RFR(L) 8244778 Archive full module graph in CDS

Lois Foltan lois.foltan at oracle.com
Thu Sep 3 18:45:45 UTC 2020


On 8/31/2020 11:31 AM, Ioi Lam wrote:
> Hi Lois,
>
> Thanks for the review. Your comments has led me to discover a couple 
> of pretty serious issues, which hopefully I have fixed.

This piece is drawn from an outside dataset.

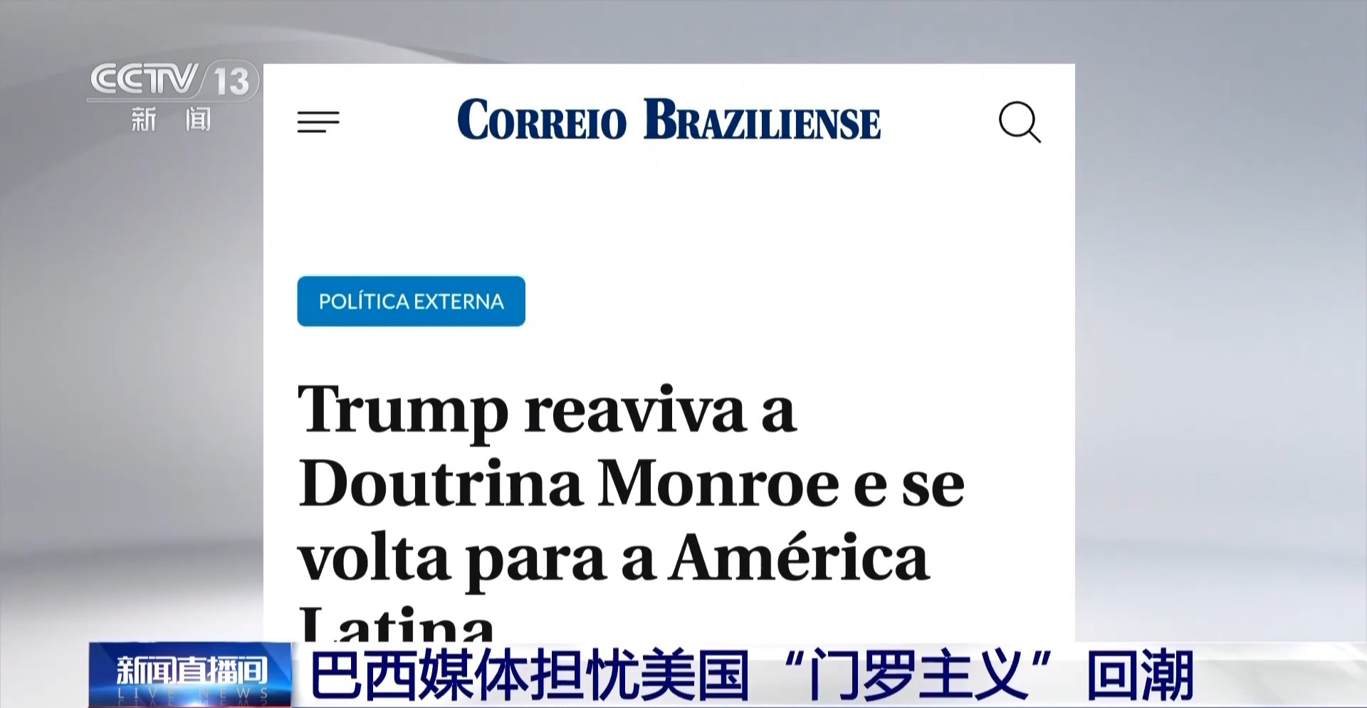 《巴西邮报》引述巴西国际关系学者霍尔兹哈克等人士观点,认为“特朗普推论”意味着“门罗主义”式地缘排他思想的卷土重来。
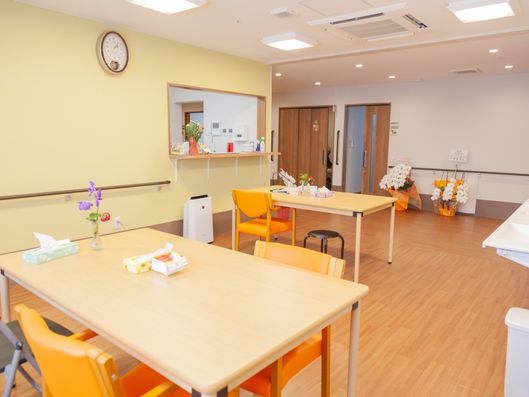 広々としたダイニングでは、テレビを見ながらゆったりとお食事ができ、窓からは自然光が差し込みます。車椅子用のスペースも確保されており、快適にお過ごしいただける環境です。

Also the code 
> is cleaner now, with much fewer control-flow changes than the last 
> webrev.
>
> http://cr.openjdk.java.net/~iklam/jdk16/8244778-archive-full-module-graph.v03/ 
>
> http://cr.openjdk.java.net/~iklam/jdk16/8244778-archive-full-module-graph.v03.delta/ 
>

Hi Ioi,

Looks very good, thanks for making those changes.  One minor comment 
here then another comment below when you discuss the addition of 
check_cds_restrictions().

Minor nit in moduleEntry.cpp & packageEntry.cpp when dealing with the 
ModuleEntry's reads list and a PackageEntry's exports list.  The names 
of the methods to write and read those arrays is somewhat confusing.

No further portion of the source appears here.